Jogamos Assassin’s Creed Black Flag Resynced por 4 horas: remake completo na Anvil com ray tracing, navegação dinâmica e missões novas
Impressão inicial: Ubisoft Singapore reconstruiu o clássico de 2013 com melhorias visíveis em gráficos, jogabilidade e conteúdo
Tivemos a oportunidade de testar quatro horas de Assassin’s Creed Black Flag Resynced no PC e saímos com a sensação de que o projeto é muito mais do que uma simples remasterização. Desenvolvido pela Ubisoft Singapore sobre a versão mais recente do motor Anvil, o remake reconstrói o Caribe de Edward Kenway do zero e acrescenta mecânicas, melhorias visuais e conteúdo narrativo que apontam para uma experiência atualizada e mais fluida.
Visual e tecnologia: ray tracing e mar fotorrealista
Entre as mudanças mais notórias está o suporte nativo a ray tracing, que transforma superfícies d’água e reflexos em elementos muito mais realistas. A recriação do oceano e do clima conta com a tecnologia Anvil Atmos, que produz ventos fortes, ondas enormes e eventos climáticos que afetam diretamente a navegação. Em vários trechos do nosso teste, tempestades e mar revolto se mostraram espetaculares — e também desafiadoras para quem assume o leme.
Mundo contínuo: quase sem telas de carregamento
Uma alteração estrutural relevante é a eliminação quase completa das telas de carregamento. A transição entre explorar uma ilha a pé, correr pelos telhados de Havana e assumir o convés da Gralha ocorre agora de forma contínua, o que torna o mundo aberto mais orgânico e vivo. A ausência de cortes frequentes muda o ritmo da exploração e beneficia a imersão.
Movimentação e combate: mais ágil, mais visceral
O parkour foi amplamente revisto usando como base o estilo atual da franquia (Assassin’s Creed Shadows). Edward Kenway se movimenta de maneira mais natural: há a possibilidade de se agachar a qualquer momento, e a escalada e deslocamento pelos telhados estão mais fluidos. Missões de perseguição e infiltração que costumavam terminar em uma falha automática ao ser detectado foram reformuladas para evitar o game over imediato.
O combate recebeu uma reformulação significativa. A proposta prioriza finalizações mais viscerais, contra-ataques mais precisos e combos rápidos com pistolas e corda-dardo. A sensação geral mantém Edward mais como um pirata do que um assassino tradicional: o sistema foge do RPG pesado e abraça mecânicas modernas que favorecem ritmo e contundência em encontros corpo a corpo e a distância.
Vida a bordo: táticas navais e novidades em gameplay
O gameplay naval também foi ampliado. As embarcações contam com um novo leque de armas secundárias de artilharia e as naves inimigas agora operam sob um sistema dinâmico de alianças e rivalidades, o que altera o comportamento tático no oceano e torna cada encontro mais imprevisível.
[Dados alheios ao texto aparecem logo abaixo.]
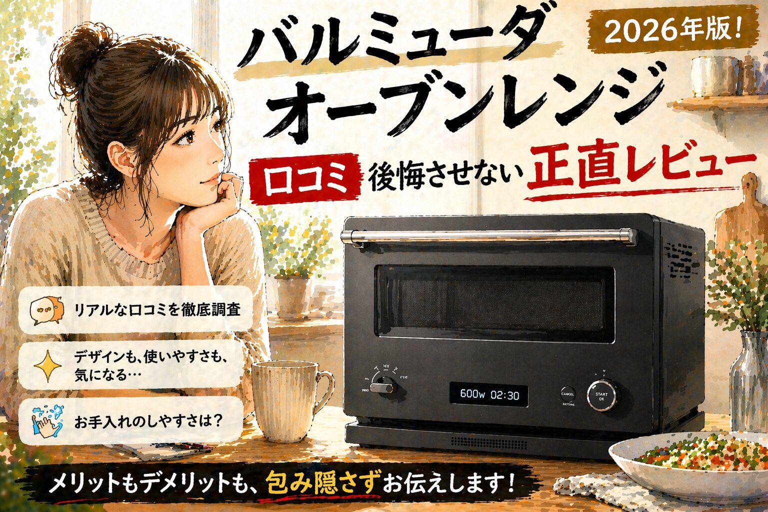 今回は、バルミューダオーブンレンジの口コミを2026年版の視点から詳しく解説しました。

Recursos de conveniência e ambientação foram adicionados, como a possibilidade de levar animais de estimação ao convés e 10 novas cantigas de mar para a trilha sonora.
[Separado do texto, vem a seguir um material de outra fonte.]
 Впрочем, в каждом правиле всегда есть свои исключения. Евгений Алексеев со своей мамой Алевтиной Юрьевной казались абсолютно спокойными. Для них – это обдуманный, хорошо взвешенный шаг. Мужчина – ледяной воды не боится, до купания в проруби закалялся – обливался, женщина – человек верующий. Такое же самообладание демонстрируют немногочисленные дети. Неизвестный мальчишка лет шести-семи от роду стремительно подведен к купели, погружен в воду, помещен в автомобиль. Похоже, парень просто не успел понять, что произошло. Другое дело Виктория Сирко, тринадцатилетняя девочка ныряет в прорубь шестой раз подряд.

Além disso, a vida subaquática foi repensada — detalhes que prometem enriquecer a exploração fora do convés e em mergulhos.
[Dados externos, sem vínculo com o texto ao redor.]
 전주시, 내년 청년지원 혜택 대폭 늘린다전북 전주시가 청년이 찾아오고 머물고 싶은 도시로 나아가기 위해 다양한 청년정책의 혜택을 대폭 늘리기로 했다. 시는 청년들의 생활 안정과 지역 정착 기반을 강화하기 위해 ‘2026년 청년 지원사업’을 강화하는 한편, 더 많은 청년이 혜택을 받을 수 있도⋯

Conteúdo narrativo e dublagem
O remake traz expansão narrativa: três oficiais inéditos podem ser recrutados, cada um com missões secundárias que desbloqueiam funções práticas de gameplay e esclarecem arcos que ficaram em aberto na versão original. Novas cenas foram gravadas com o retorno do ator Matt Ryan, e a Ubisoft confirmou que o jogo terá dublagem em português brasileiro.
As impressões iniciais são positivas, mas ainda há espaço para polir detalhes antes do lançamento. Pequenas correções e ajustes finos no balanceamento e IA podem surgir até a versão final.
Assassin’s Creed Black Flag Resynced está em pré-venda e tem lançamento global marcado para 9 de julho, com versões para PS5, Xbox Series X|S e PC. Com a base do jogo original já sólida e as mudanças apresentadas, o remake tem potencial para se tornar a experiência definitiva do clássico pirata — pelo menos com o vento a favor até a versão final.